Marcado: logan

velho de guerra

logan (eua, 2017) ★★★☆☆

a saga de mutantes guerreiros é, por si só, um vasto terreno para explorar metáforas que se desdobram em camadas de histórias cheias de apelo e significado. desde que surgiu, a franquia de filmes dos x-men ajudou a moldar a estrutura narrativa dos super-heróis no cinema, com aventuras visualmente deslumbrantes embrulhando um contexto mais denso – o discurso deles, pode notar, alternava entre preconceito, exclusão, autoaceitação, empoderamento e… wolverine.

num mundo tão rico de personagens únicos, suas origens misteriosas e superpoderes raros, vale analisar por que apenas um ganhou destaque – e três filmes solo. wolverine encarna o arquétipo americano do herói moderno: solitário, lacônico, sombrio, marrento. aquele feito sob medida para andar em câmera lenta enquanto uma explosão destrói a paisagem ao fundo. mata o inimigo e faz uma piadinha. não se importa com ninguém. bebe sua bud no gargalo. conquista mulheres e faz uma piadinha. anda de moto. fuma charuto. cospe no chão e faz uma piadinha.

nos quadrinhos, wolverine caiu como uma luva no sonho de vida de todos aqueles nerds mirrados. adaptado pro cinema, ele ainda ganhou o carisma de hugh jackman. aí deu no que deu: o rambo do novo milênio agora tinha garras de adamantium. o que, claro, não representa a priori nenhum problema. cada um tem o herói que quer. ruim mesmo é quando o roteiro precisa simular uma profundidade onde só tem beirada, aí transforma o filme no festival da fita crepe.

não que a galera não se esforce! assim como o protagonista dá a logan, patrick stewart confere ao professor xavier uma dimensão nunca experimentada em qualquer título da saga. visivelmente mais velhos, ambos apresentam uma fadiga extrema, fruto de anos de lutas constantes, e uma certa comiseração mútua. quem rouba a cena, contudo, é a novata dafne keen. espécie de mini-rooney mara, ela encarna uma jovem mutante que não conhece o medo. a fotografia é conservadora, como nos clássicos, e o som também merece atenção: provavelmente, é o mais silencioso de todos os filmes dos x-men.

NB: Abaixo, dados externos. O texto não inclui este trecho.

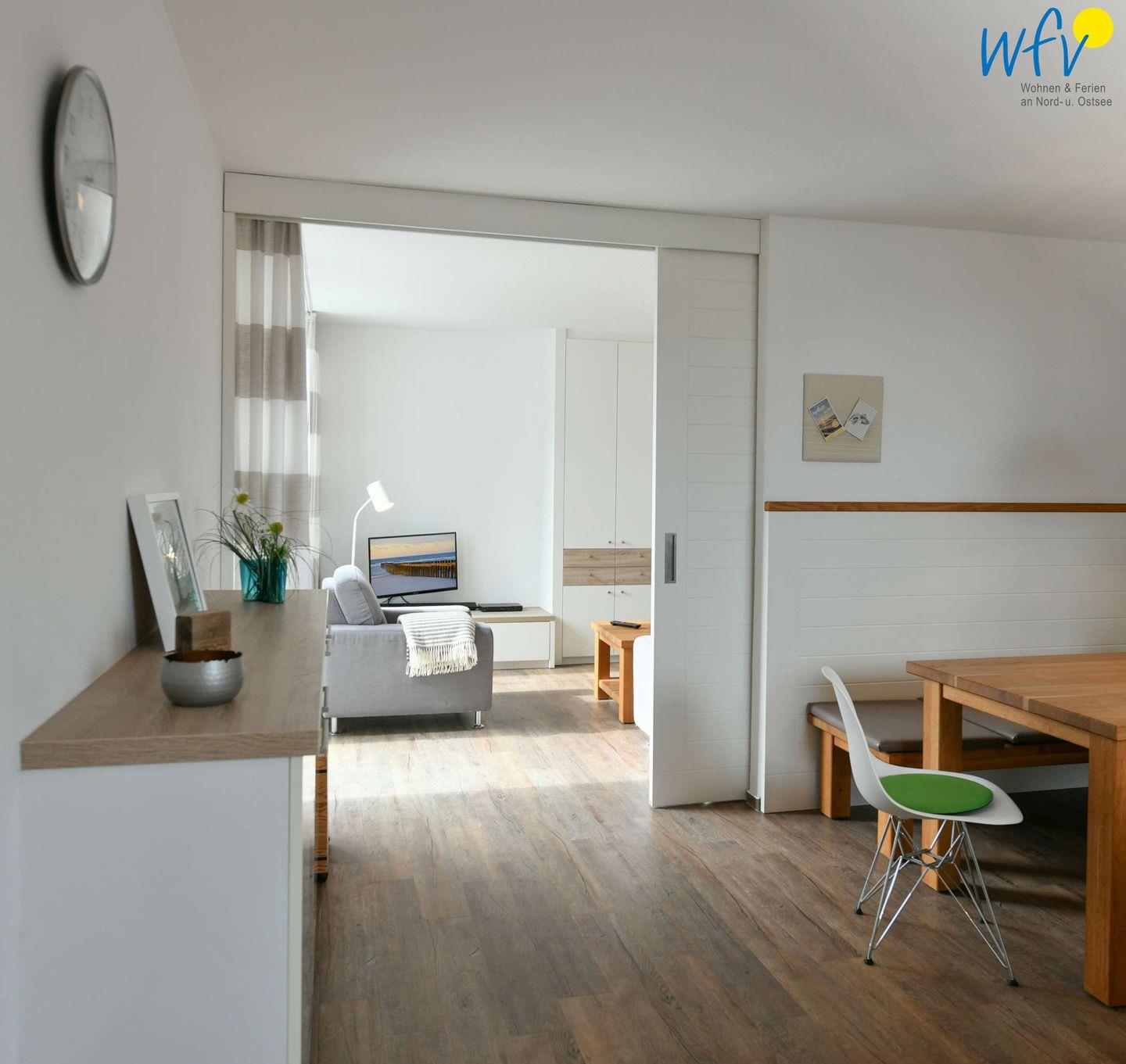 Helle, großzügig angelegte Räume, stilvolles Mobiliar und zusätzliche Details (wie zwei Flat-TVs, ein großer Esstisch und hochwertige Badarmaturen) garantieren Ihnen exklusiven Wohnkomfort. Die Wangerooger Ferienwohnung verfügt über einen aufteilbaren Wohn-/Essbereich mit Schlafsofa (Schiebetür zwischen Sofa und Esstisch), zwei separate Schlafzimmer, eine offene Küche, ein modernes Bad und einen sonnigen Balkon.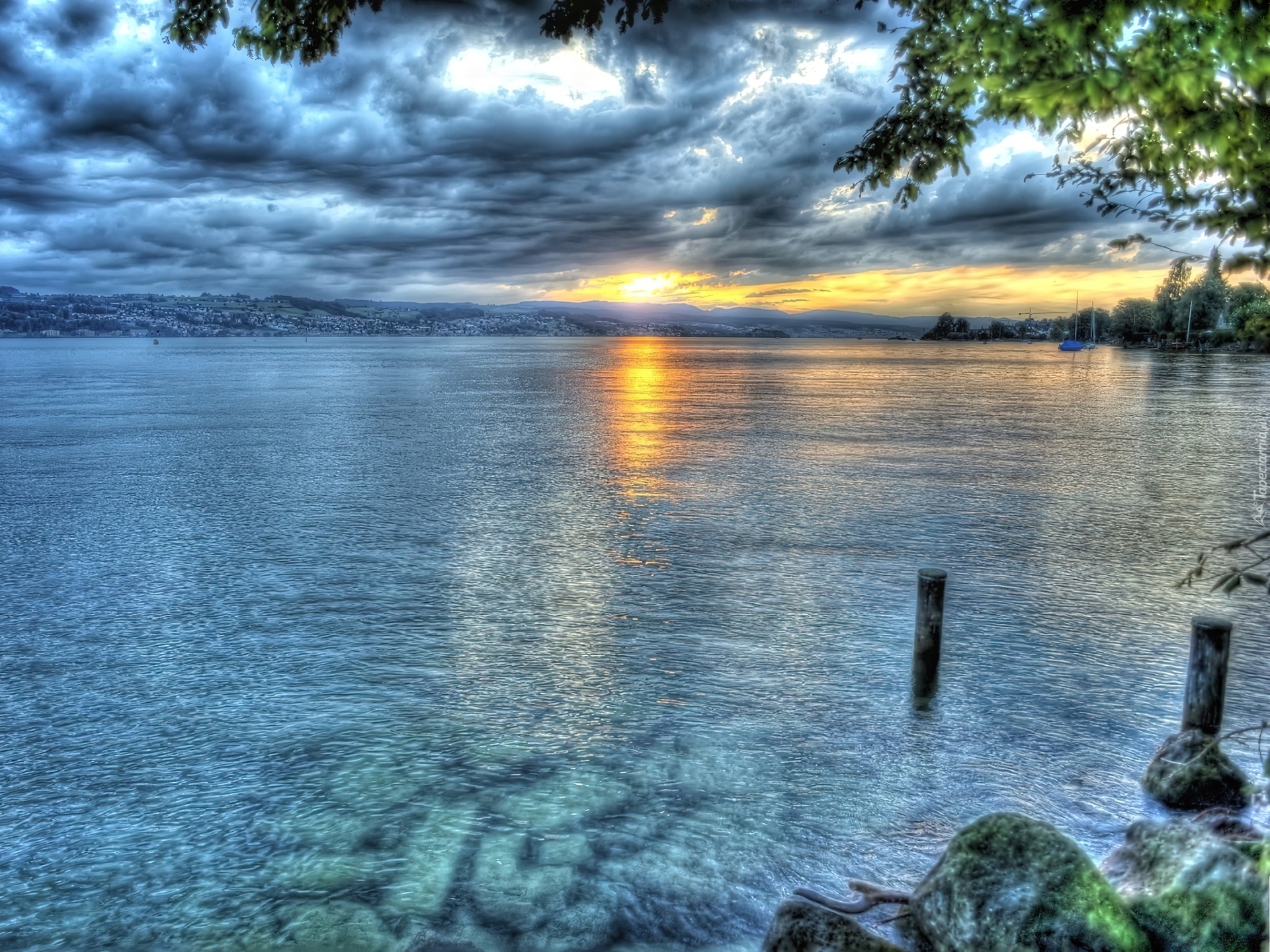 Edytor tapety: Jezioro, Zachmurzone, Niebo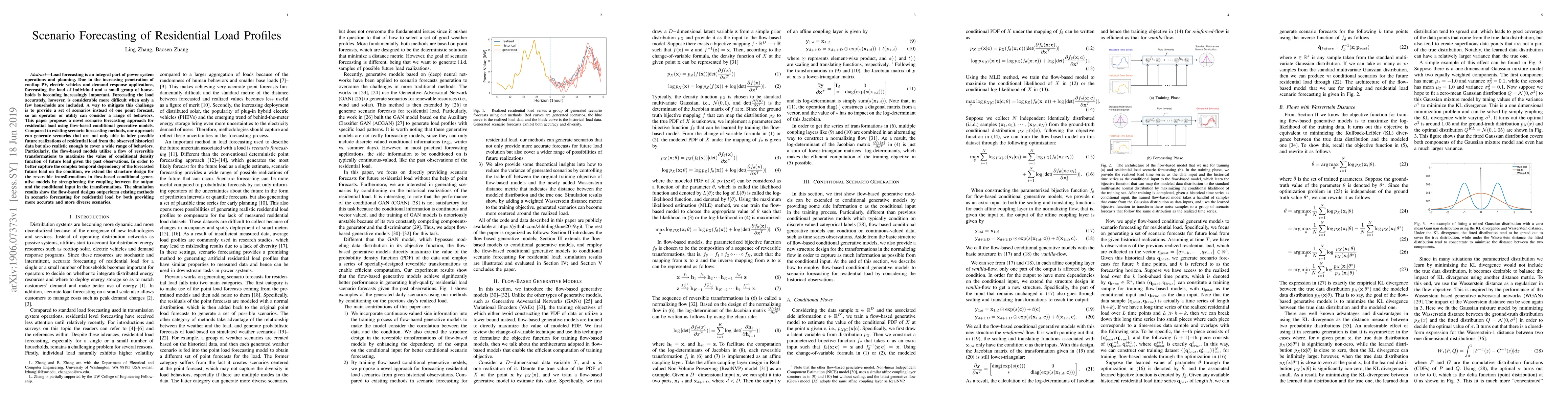 This paper proposes a novel scenario forecasting approach for residential load using flow-based conditional generative models, which generate diverse and accurate future load realizations by leveraging reversible transformations to maximize conditional density. The enhanced model structure captures complex temporal dependencies, outperforming existing methods in both accuracy and diversity of scenarios.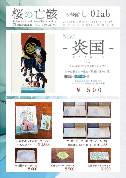 2023/08/20 SUPER COMIC CITY 関西 29 超閃華の刻 2023夏 5号館 し01ab〚桜の亡骸〛 【お品書き】 〘新刊〙-炎国- 上 ▼Sample pixiv.net/artworks/11081… 〘グッズ〙 ・どこで迷ったか聞いてくれるいち兄アクキー ・近侍申す申すメモ帖 ・Ao3 撥水サコッシュ/ラバーコインケース/チケットファイル
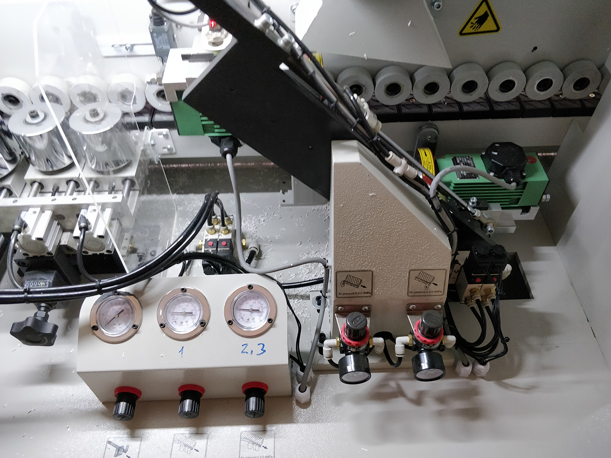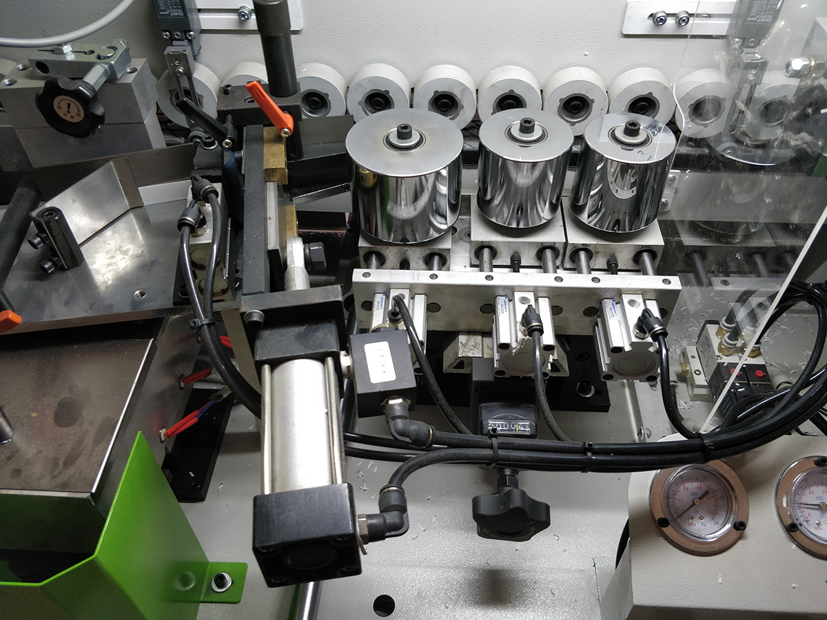 Если регулировка пресс группы осуществляется механически с помощью пружины, то одного усилия на пресс валах добиться не удастся, что приводит к частичному отклеиванию кромки.

mas aí vem a festa da gambiarra. no esforço de aprofundar e trazer relevância ao personagem principal, o roteiro apela para nossa senhora soluções milagrosas, deixando várias pontas soltas. pensa bem: embora tenha enfrentado sozinha inúmeros capangas, por que laura, na companhia dos amigos, fugiu com medo de lutar contra o mesmo número de vilões depois? como aquela mulher conseguiu editar e locutar o vídeo no celular enquanto fugia com a menina? se não podia tomar todo o remédio verde, como logan faz isso e nada lhe acontece? e as coordenadas oriundas de uma revista em quadrinhos, alguém explica? além disso, numa realidade na qual supostamente já foi inventada a “cura” para o gene x (x-men: o confronto final), qual o sentido de matar crianças mutantes que não serviriam para lutar? melhor tirar seus poderes e vendê-las pra zara, não?

logan ainda esboça algumas analogias “sérias” para dar peso à história. além de forçar a barra para inserir um trecho de os brutos também amam, que é lembrado posteriormente num momento meio vergonha alheia, traz também um clone mais jovem do wolverine entre o séquito de inimigos. aquela coisa de enfrentar o passado, vencer você mesmo e parará… o que não condiz com a realidade, pois o personagem apenas se repete desde que foi apresentado, oscilando entre o desejo de seguir sozinho e o de proteger quem gosta. definitivamente, o arco dramático mais reto já visto em hollywood.